DATA PROVIDED »
◆ ◆ ◆

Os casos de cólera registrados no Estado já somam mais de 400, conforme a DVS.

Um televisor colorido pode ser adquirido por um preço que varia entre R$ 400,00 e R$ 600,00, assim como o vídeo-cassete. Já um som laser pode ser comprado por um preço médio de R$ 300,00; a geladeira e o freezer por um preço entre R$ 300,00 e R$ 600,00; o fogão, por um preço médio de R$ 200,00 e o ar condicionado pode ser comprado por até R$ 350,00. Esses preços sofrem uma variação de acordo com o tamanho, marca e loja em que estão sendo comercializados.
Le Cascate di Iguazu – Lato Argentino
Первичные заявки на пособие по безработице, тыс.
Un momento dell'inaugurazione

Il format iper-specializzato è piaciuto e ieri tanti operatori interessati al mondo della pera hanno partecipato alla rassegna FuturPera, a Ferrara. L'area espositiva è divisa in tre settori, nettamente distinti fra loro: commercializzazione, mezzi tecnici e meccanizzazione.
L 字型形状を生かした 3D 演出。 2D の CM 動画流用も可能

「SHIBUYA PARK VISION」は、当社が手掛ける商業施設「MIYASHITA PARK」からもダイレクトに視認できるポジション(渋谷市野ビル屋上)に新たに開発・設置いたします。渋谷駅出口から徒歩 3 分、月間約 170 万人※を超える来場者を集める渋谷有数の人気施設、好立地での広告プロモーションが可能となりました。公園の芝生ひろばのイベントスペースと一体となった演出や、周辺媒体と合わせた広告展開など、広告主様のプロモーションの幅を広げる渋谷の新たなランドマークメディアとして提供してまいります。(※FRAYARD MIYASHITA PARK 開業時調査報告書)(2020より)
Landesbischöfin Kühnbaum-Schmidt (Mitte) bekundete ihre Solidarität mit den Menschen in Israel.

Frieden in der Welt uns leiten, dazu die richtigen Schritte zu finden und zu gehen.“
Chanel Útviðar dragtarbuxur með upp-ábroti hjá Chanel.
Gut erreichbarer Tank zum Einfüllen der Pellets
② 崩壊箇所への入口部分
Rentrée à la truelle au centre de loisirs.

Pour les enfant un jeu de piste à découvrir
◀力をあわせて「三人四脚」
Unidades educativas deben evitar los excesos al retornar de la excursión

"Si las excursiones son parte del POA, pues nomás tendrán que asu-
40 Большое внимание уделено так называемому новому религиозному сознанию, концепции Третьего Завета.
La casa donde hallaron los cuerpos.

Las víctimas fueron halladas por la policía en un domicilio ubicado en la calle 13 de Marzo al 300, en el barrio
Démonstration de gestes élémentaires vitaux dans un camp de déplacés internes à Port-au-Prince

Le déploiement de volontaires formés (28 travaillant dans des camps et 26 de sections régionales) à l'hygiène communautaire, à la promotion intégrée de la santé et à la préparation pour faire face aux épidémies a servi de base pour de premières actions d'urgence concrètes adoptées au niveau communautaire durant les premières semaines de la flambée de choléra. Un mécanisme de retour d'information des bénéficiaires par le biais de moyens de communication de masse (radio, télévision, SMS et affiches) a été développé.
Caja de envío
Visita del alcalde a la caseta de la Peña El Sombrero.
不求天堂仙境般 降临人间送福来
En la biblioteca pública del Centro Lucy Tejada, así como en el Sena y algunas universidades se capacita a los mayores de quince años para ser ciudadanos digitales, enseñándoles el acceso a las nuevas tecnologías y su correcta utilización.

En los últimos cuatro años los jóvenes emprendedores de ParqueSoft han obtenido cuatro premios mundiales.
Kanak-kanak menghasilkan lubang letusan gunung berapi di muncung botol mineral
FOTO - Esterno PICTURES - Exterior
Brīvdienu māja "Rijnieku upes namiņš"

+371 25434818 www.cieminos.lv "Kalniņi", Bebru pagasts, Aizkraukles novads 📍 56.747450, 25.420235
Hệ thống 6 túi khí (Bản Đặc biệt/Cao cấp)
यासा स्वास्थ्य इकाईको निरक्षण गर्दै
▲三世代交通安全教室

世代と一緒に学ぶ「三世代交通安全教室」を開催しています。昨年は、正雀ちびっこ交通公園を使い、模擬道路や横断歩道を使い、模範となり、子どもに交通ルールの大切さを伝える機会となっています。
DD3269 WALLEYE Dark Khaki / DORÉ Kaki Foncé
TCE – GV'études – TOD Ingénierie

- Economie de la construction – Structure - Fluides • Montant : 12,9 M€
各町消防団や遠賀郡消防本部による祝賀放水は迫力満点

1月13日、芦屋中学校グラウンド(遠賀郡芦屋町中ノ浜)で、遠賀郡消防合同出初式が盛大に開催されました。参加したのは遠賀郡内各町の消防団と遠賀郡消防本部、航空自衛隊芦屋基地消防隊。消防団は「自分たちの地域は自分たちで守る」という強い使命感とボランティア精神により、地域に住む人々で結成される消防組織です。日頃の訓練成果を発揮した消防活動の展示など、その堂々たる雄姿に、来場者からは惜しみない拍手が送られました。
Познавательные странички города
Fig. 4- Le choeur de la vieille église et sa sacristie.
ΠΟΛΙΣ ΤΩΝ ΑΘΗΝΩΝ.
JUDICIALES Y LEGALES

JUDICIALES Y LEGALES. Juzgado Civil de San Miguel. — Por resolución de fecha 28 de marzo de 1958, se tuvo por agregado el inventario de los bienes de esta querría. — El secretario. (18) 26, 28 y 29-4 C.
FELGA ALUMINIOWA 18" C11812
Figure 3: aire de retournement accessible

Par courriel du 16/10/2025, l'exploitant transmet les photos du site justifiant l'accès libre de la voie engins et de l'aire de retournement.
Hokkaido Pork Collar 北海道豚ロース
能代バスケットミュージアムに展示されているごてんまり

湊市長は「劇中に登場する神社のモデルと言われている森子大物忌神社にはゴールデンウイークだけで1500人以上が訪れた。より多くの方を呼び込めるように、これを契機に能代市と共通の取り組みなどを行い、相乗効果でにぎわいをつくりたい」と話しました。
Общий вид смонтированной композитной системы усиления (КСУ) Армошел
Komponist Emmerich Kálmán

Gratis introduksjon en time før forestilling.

◆ ◆ ◆

THE PROBLEM » Every entry above needs to be duplicated exactly.

TASK OUTPUT »
Os casos de cólera registrados no Estado já somam mais de 400, conforme a DVS.

Um televisor colorido pode ser adquirido por um preço que varia entre R$ 400,00 e R$ 600,00, assim como o vídeo-cassete. Já um som laser pode ser comprado por um preço médio de R$ 300,00; a geladeira e o freezer por um preço entre R$ 300,00 e R$ 600,00; o fogão, por um preço médio de R$ 200,00 e o ar condicionado pode ser comprado por até R$ 350,00. Esses preços sofrem uma variação de acordo com o tamanho, marca e loja em que estão sendo comercializados.
Le Cascate di Iguazu – Lato Argentino
Первичные заявки на пособие по безработице, тыс.
Un momento dell'inaugurazione

Il format iper-specializzato è piaciuto e ieri tanti operatori interessati al mondo della pera hanno partecipato alla rassegna FuturPera, a Ferrara. L'area espositiva è divisa in tre settori, nettamente distinti fra loro: commercializzazione, mezzi tecnici e meccanizzazione.
L 字型形状を生かした 3D 演出。 2D の CM 動画流用も可能

「SHIBUYA PARK VISION」は、当社が手掛ける商業施設「MIYASHITA PARK」からもダイレクトに視認できるポジション(渋谷市野ビル屋上)に新たに開発・設置いたします。渋谷駅出口から徒歩 3 分、月間約 170 万人※を超える来場者を集める渋谷有数の人気施設、好立地での広告プロモーションが可能となりました。公園の芝生ひろばのイベントスペースと一体となった演出や、周辺媒体と合わせた広告展開など、広告主様のプロモーションの幅を広げる渋谷の新たなランドマークメディアとして提供してまいります。(※FRAYARD MIYASHITA PARK 開業時調査報告書)(2020より)
Landesbischöfin Kühnbaum-Schmidt (Mitte) bekundete ihre Solidarität mit den Menschen in Israel.

Frieden in der Welt uns leiten, dazu die richtigen Schritte zu finden und zu gehen.“
Chanel Útviðar dragtarbuxur með upp-ábroti hjá Chanel.
Gut erreichbarer Tank zum Einfüllen der Pellets
② 崩壊箇所への入口部分
Rentrée à la truelle au centre de loisirs.

Pour les enfant un jeu de piste à découvrir
◀力をあわせて「三人四脚」
Unidades educativas deben evitar los excesos al retornar de la excursión

"Si las excursiones son parte del POA, pues nomás tendrán que asu-
40 Большое внимание уделено так называемому новому религиозному сознанию, концепции Третьего Завета.
La casa donde hallaron los cuerpos.

Las víctimas fueron halladas por la policía en un domicilio ubicado en la calle 13 de Marzo al 300, en el barrio
Démonstration de gestes élémentaires vitaux dans un camp de déplacés internes à Port-au-Prince

Le déploiement de volontaires formés (28 travaillant dans des camps et 26 de sections régionales) à l'hygiène communautaire, à la promotion intégrée de la santé et à la préparation pour faire face aux épidémies a servi de base pour de premières actions d'urgence concrètes adoptées au niveau communautaire durant les premières semaines de la flambée de choléra. Un mécanisme de retour d'information des bénéficiaires par le biais de moyens de communication de masse (radio, télévision, SMS et affiches) a été développé.
Caja de envío
Visita del alcalde a la caseta de la Peña El Sombrero.
不求天堂仙境般 降临人间送福来
En la biblioteca pública del Centro Lucy Tejada, así como en el Sena y algunas universidades se capacita a los mayores de quince años para ser ciudadanos digitales, enseñándoles el acceso a las nuevas tecnologías y su correcta utilización.

En los últimos cuatro años los jóvenes emprendedores de ParqueSoft han obtenido cuatro premios mundiales.
Kanak-kanak menghasilkan lubang letusan gunung berapi di muncung botol mineral
FOTO - Esterno PICTURES - Exterior
Brīvdienu māja "Rijnieku upes namiņš"

+371 25434818 www.cieminos.lv "Kalniņi", Bebru pagasts, Aizkraukles novads 📍 56.747450, 25.420235
Hệ thống 6 túi khí (Bản Đặc biệt/Cao cấp)
यासा स्वास्थ्य इकाईको निरक्षण गर्दै
▲三世代交通安全教室

世代と一緒に学ぶ「三世代交通安全教室」を開催しています。昨年は、正雀ちびっこ交通公園を使い、模擬道路や横断歩道を使い、模範となり、子どもに交通ルールの大切さを伝える機会となっています。
DD3269 WALLEYE Dark Khaki / DORÉ Kaki Foncé
TCE – GV'études – TOD Ingénierie

- Economie de la construction – Structure - Fluides • Montant : 12,9 M€
各町消防団や遠賀郡消防本部による祝賀放水は迫力満点

1月13日、芦屋中学校グラウンド(遠賀郡芦屋町中ノ浜)で、遠賀郡消防合同出初式が盛大に開催されました。参加したのは遠賀郡内各町の消防団と遠賀郡消防本部、航空自衛隊芦屋基地消防隊。消防団は「自分たちの地域は自分たちで守る」という強い使命感とボランティア精神により、地域に住む人々で結成される消防組織です。日頃の訓練成果を発揮した消防活動の展示など、その堂々たる雄姿に、来場者からは惜しみない拍手が送られました。
Познавательные странички города
Fig. 4- Le choeur de la vieille église et sa sacristie.
ΠΟΛΙΣ ΤΩΝ ΑΘΗΝΩΝ.
JUDICIALES Y LEGALES

JUDICIALES Y LEGALES. Juzgado Civil de San Miguel. — Por resolución de fecha 28 de marzo de 1958, se tuvo por agregado el inventario de los bienes de esta querría. — El secretario. (18) 26, 28 y 29-4 C.
FELGA ALUMINIOWA 18" C11812
Figure 3: aire de retournement accessible

Par courriel du 16/10/2025, l'exploitant transmet les photos du site justifiant l'accès libre de la voie engins et de l'aire de retournement.
Hokkaido Pork Collar 北海道豚ロース
能代バスケットミュージアムに展示されているごてんまり

湊市長は「劇中に登場する神社のモデルと言われている森子大物忌神社にはゴールデンウイークだけで1500人以上が訪れた。より多くの方を呼び込めるように、これを契機に能代市と共通の取り組みなどを行い、相乗効果でにぎわいをつくりたい」と話しました。
Общий вид смонтированной композитной системы усиления (КСУ) Армошел
Komponist Emmerich Kálmán

Gratis introduksjon en time før forestilling.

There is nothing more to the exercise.